Parce que tu seras partie.
Grâce à chaque parole de sa mère élégante, le sourire ne quitta pas le visage de Leonia.
« Nous l'avons sous-estimée. »
Et nous en avons payé le prix fort.
Une fois la réception terminée, les dames restées au domaine Kapher secouèrent la tête face à la férocité de la mère et de la fille Voreoti.
Celles qui étaient restées appartenaient toutes à la faction impérialiste.
« C'est pour cela qu'il ne faut jamais juger quelqu'un sur les apparences. »
« Le Duc de Voreoti adopterait vraiment n'importe qui ? »
« Les gens finissent vraiment par s'assembler entre gens de même acabit, n'est-ce pas ? »
« On l'appelait "la Bête" quand elle travaillait au Département des Finances. »
Elles apprirent à ne pas prendre la Duchesse de Voreoti à la légère.
Leur tentative à demi-mot pour la rabrouer les laissa complètement sans voix, pleines d'effroi.
La Comtesse de Neophelli se tourna vers Lota.
« La Duchesse ne semblait avoir aucune affection pour sa famille d'origine. »
Son regard était plein de perplexité face à ce qui venait de se passer.
Lota, qui sanglotait dans les bras d'une autre dame, tressaillit.
« ... Eh bien, si c'était moi... »
La Comtesse de Neophelli la regarda en coin et marmonna comme pour elle-même.
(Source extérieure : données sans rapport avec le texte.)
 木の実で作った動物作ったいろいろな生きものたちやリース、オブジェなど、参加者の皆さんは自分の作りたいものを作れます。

Elle n'attendait de toute façon pas de réponse de Lota.
« Après avoir été traitée comme ça. »
« Oh, "traitée comme ça" ? »
La Baronne Kapher bondit comme si elle l'attendait.
« Alors la rumeur est vraie ? »
« J'ai entendu dire qu'ils ne valent pas mieux que la famille Hieina. »
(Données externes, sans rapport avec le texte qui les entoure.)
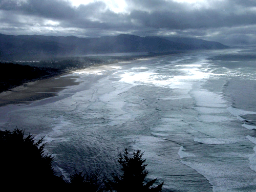| Beach at Hug Point looking south towards Neahkanie Mountain in the distance. | Beach near Hug Point, just North of Neahkanie Mountain* | |||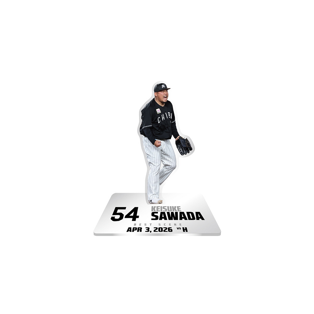 ヒーローに輝いた選手を商品化したベストシーングッズ。今回は4/3のホークス戦でヒーローとなった澤田圭佑投手が登場!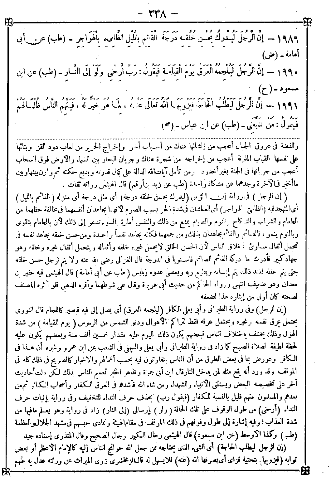 1990 - (إن الرجل) وفي رواية الطبراني وأبي يعلى الكافر (ليلجمه العرق) أي يصل إلى فيه فيصير كاللجام قال النووي: يحتمل عرق نفسه وغيره ويحتمل عرقه فقط لتراكم الأهوال ودنو الشمس من الرؤوس (يوم القيامة) من شدة الهول وذلك يختلف باختلاف الناس فبعضهم يكون ذلك اليوم عليه مقدار خمسين ألف سنة وبعضهم يكون عليه لحظة لطيفة لصلاة الصبح كما زاد في رواية الطبراني وأبي يعلى والبيهقي في الشعب عن ابن عمرو وغيره أن هذا في الكافر وعورض بما في بعض الطرق من أن الناس يتفاوتون فيه بحسب أعمالهم والأخبار كالصريح في ذلك كله في الموقف وقد ورد أنه يقع مثله لمن يدخل النار. قال ابن أبي جمر: وظاهر الخبر تعميم الناس بذلك لكن دلت أحاديث أخر على تخصيصه البعض ويستثنى الأنبياء والشهداء ومن شاء الله فأشدهم في العرق الكفار وأصحاب الكبائر ثم من بعدهم والمسلمون منهم قليل بالنسبة للكفار (فيقول رب) بحذف حرف النداء للتخفيف وفي رواية بإثبات حرف النداء (أرحني) من طول الوقوف على تلك الحالة (ولو) بإرسالي (إلى النار) زاد في رواية وهو يعلم ما فيها من شدة العذاب وفيه إشارة إلى طول وقوفهم في ذلك الموقف في مقام الهيئة وتمادي حبسهم في مشهد الجلال والعظمة
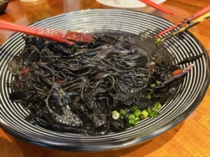 料理は石垣牛のユッケにもずくの天ぷらに!

La Comtesse de Neophelli hocha la tête.
Son frère aîné — le fils du Marquis de Pardus — avait entendu la honteuse engueulade publique au bal de l'an dernier impliquant la famille Erbanu.
« N-non, ce n'est pas vrai ! »
Lota protesta, en larmes.
« Nos parents aimaient ma sœur et moi équitablement ! »
« Et pourtant, ils vous ont humiliée comme ça au bal de l'an dernier ? »
La dispute très publique de la famille Erbanu avait fait grand scandale à l'époque.
Cela les faisait passer pour de terribles parents qui avaient échoué à reconnaître le talent de leur fille — tout comme la famille Hieina.
Les Erbanu devinrent connus comme des parents qui jouaient les favoris, et Lota Olor comme la cadette obsédée par l'idée de déshonorer sa sœur.
« C-c'était à cause de circonstances familiales... ! »
« Celui qui lance la pierre ne sait jamais. »
Il ne réalise jamais ce qu'il touche.
Les yeux de la Comtesse de Neophelli étaient glacés.
« ... Je suis moi aussi originaire du Nord. »
Si elle devait choisir un camp, elle choisirait Voreoti plutôt qu'elle.
Elle continua sur ce ton.
« Vous devriez faire attention. La Duchesse semble avoir pris sa décision. »
Lota poussa un cri perçant.
« Comment pourrait-elle abandonner sa propre sœur ! »
« Il y a beaucoup à apprendre du Comte et de la Comtesse d'Erbanu. »
À savoir, comment ne pas élever ses enfants.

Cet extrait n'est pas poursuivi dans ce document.